Plans for a new Icelandic low-cost carrier called Play have been unveiled, seven months after the collapse of Wow Air.

According to its website, flyplay.com, the airline will serve destinations across Europe with a fleet of Airbus A321s, expanding to North America next spring.

It expects to have six of the narrowbody aircraft by summer 2020, growing to ten within three years.

However concrete details such as routes, schedules, launch dates and prices are yet to be announced. Ticket sales are set to begin later this month.

The airline is in the process of obtaining an air operator certificate, according to local media.

Play’s CEO has been announced as Arnar Már Magnusson, who has previously worked as a pilot for Ryanair and Wow Air, and later as head of operations for Wow, according to his LinkedIn profile.

Play’s online statement says it has recruited people with a “wide range of experience from the aviation industry,” including at Wow Air and Air Atlanta, an Icelandic charter airline.

Business Traveller has contacted the airline for comment on its ownership.
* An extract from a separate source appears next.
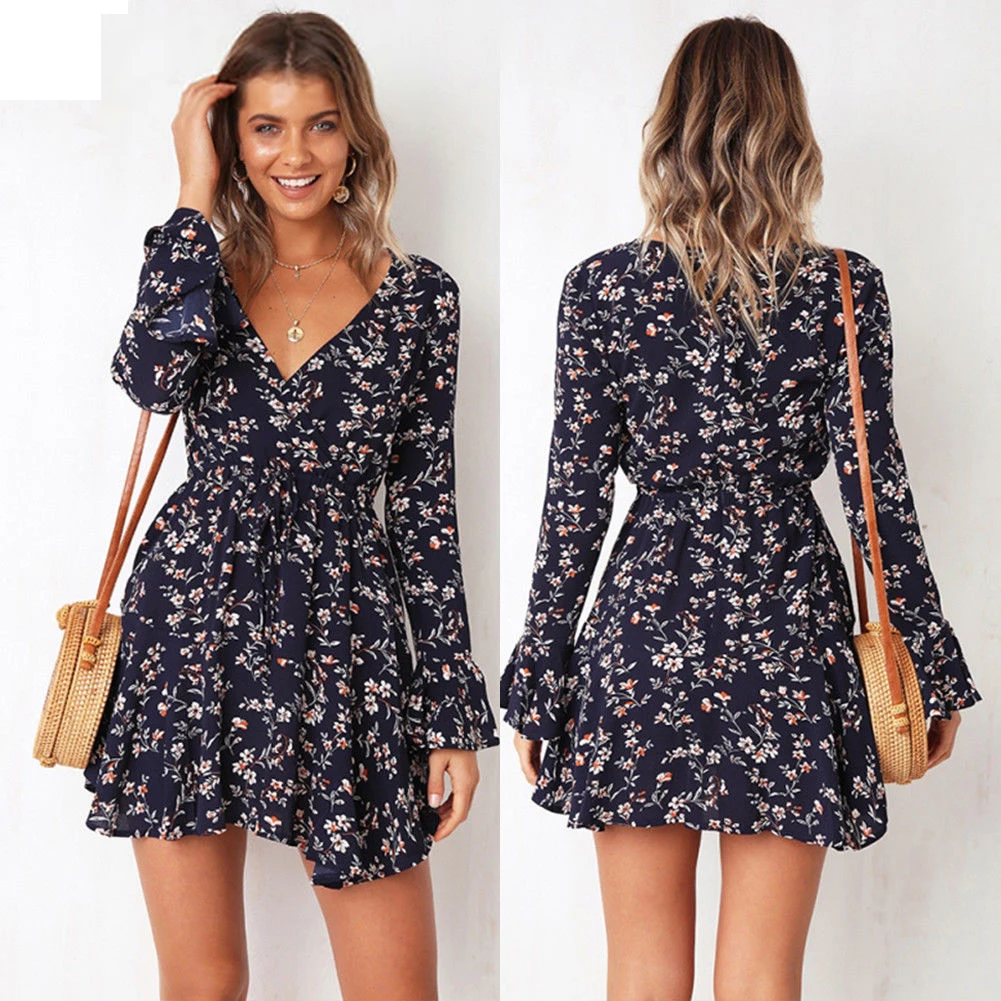 Женское короткое платье с V-образным вырезом, длинным рукавом

In July, the Times reported that Irish investment fund Avianta would put up €35 million for a 75 per cent stake in a budget airline to be launched by former Wow directors in Iceland. The group had been calling it “WAB Air”, a play on “We Are Back”.
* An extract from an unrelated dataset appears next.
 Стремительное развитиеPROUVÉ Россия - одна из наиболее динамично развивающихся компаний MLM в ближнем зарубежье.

Avianta is owned by Aislinn Whittley-Ryan, daughter of Michael ‘Kell’ Ryan, who was part of the team which relaunched Ryanair as a budget airline in the 1980s.

Local news site Iceland Monitor reports that the remaining 25 per cent is owned by a company called Neo, owned by Magnusson and Sveinn Ingi Steinthorsson, former director of financial planning at Wow.

According to Iceland Monitor, the airline set up in an office in Hafnarfjörður in August, with little heard from them since.

In the meantime, US-based businesswoman Michele Ballarin announced that through a little-known firm called US Aerospace Associates, she had acquired Wow Air assets including its logo, domains, booking systems, software, sales computers, uniforms, and most of its spare parts and tools.

Ballarin held a press conference in September outlining plans to use two aircraft on flights between Keflavik and Washington before the end of the year. She said it would be a low-cost carrier using the Wow brand and website, which the team planned to grow to 10-12 aircraft over the coming years.

Wow Air plots comeback under US investor

However local media reported last week that Wow would begin freight rather than passenger flights, due to preparations proving “more time-consuming than anticipated for a number of undisclosed reasons.”

A string of airlines have ceased operations over the last year, including Flybmi, low-cost carrier Primera Air, Cypriot carrier Cobalt Air, Belgian airline VLM and the UK’s Thomas Cook.